En 2005, Vidéotron a introduit la téléphonie numérique à la maison. En août dernier, la société s'est lancée dans la téléphonie sans-fil (cellulaire). «Bell et Vidéotron se livreront toute une guerre au cours de la prochaine année, dit M. Grant. Vidéotron a maintenant 500 000 abonnés en téléphonie alors que la société partait de rien du tout. C'est énorme comme progression.»

Qui en sortira gagnant ? Peu importe, le Seaboard Group s'attend à ce que la guerre de la téléphonie ne soit qu'un prélude à l'affrontement décisif sur Internet. «La téléphonie est le domaine le plus rentable actuellement mais les prix vont baisser, dit l'analyste Brian Sharwood. La clé sera de contrôler l'accès Internet. Vidéotron est clairement en avance en matière de vitesse de téléchargement. Elle a promis 50 megabits par seconde d'ici deux ans tandis que Bell parle de 25 megabits par seconde. Ce sera tout un défi pour Bell d'être compétitif car ses canaux de transmission actuels sont moins rapides.»

Misant sur la régularité et la fiabilité, Bell s'estime mieux nanti que Vidéotron dans le cyberespace. «Nous sommes les seuls à pouvoir offrir une vitesse constante sur notre réseau Internet Sympatico, dit Nicolas Gaudreau, de Bell. Les gens téléchargent des bandes vidéo et des films. Leur expérience ne peut pas être agréable si la vitesse du téléchargement n'est pas constante.»

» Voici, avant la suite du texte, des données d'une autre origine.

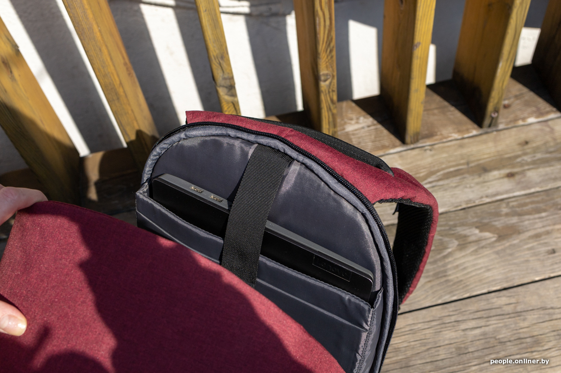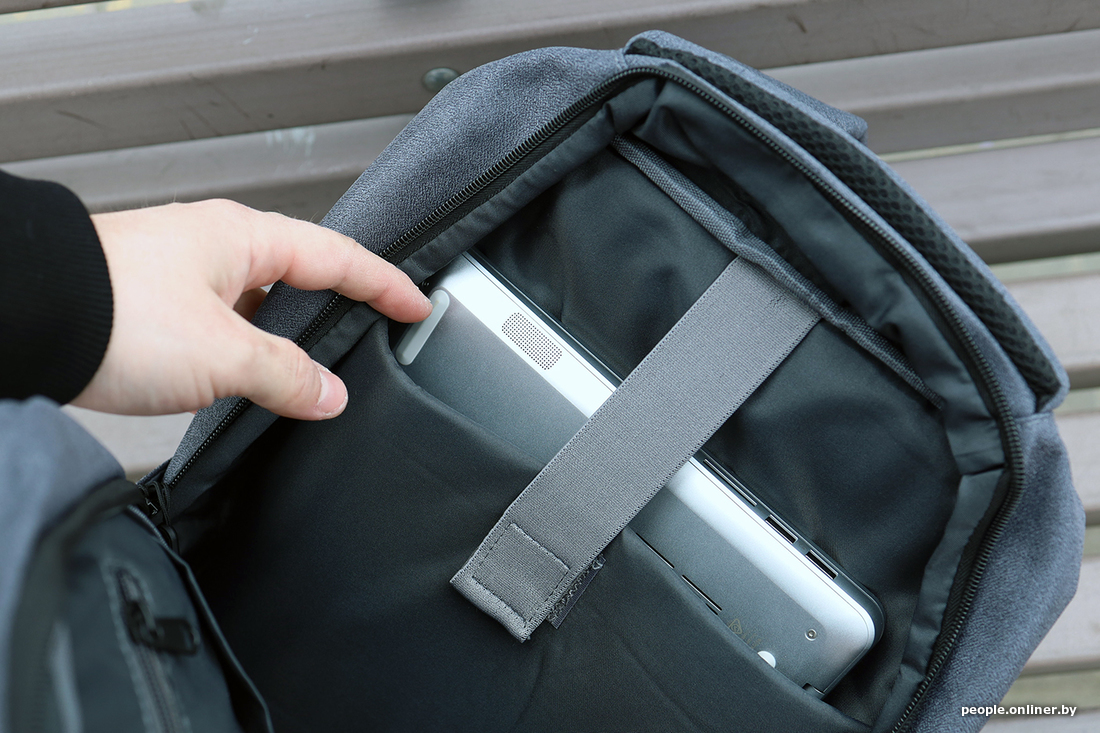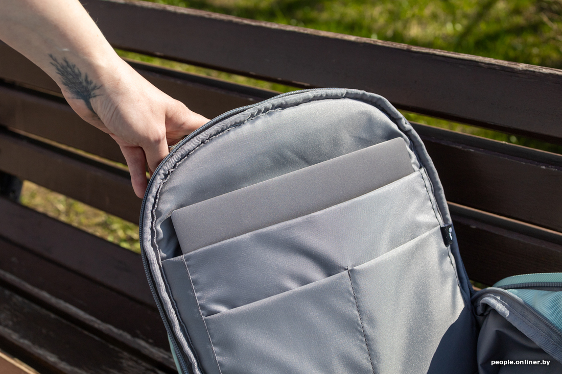 В основном отделении есть мягкий отсек для ноутбука диагональю до 15,6 дюйма. Также имеется карман для планшета и небольшой карман для мелочей. Для особо ценных вещей предусмотрено небольшое отделение в спинке рюкзака.

Vidéotron trouve les prédictions du Seaboard Group un peu audacieuses. «Nous voyons les choses différemment, dit Isabelle Dussureault, de Vidéotron. La clé sera plutôt le bouquet de produits offerts. Mais si Internet devient si important, c'est tout de même une bonne nouvelle pour Vidéotron, le leader au Québec dans le domaine de l'accès Internet.»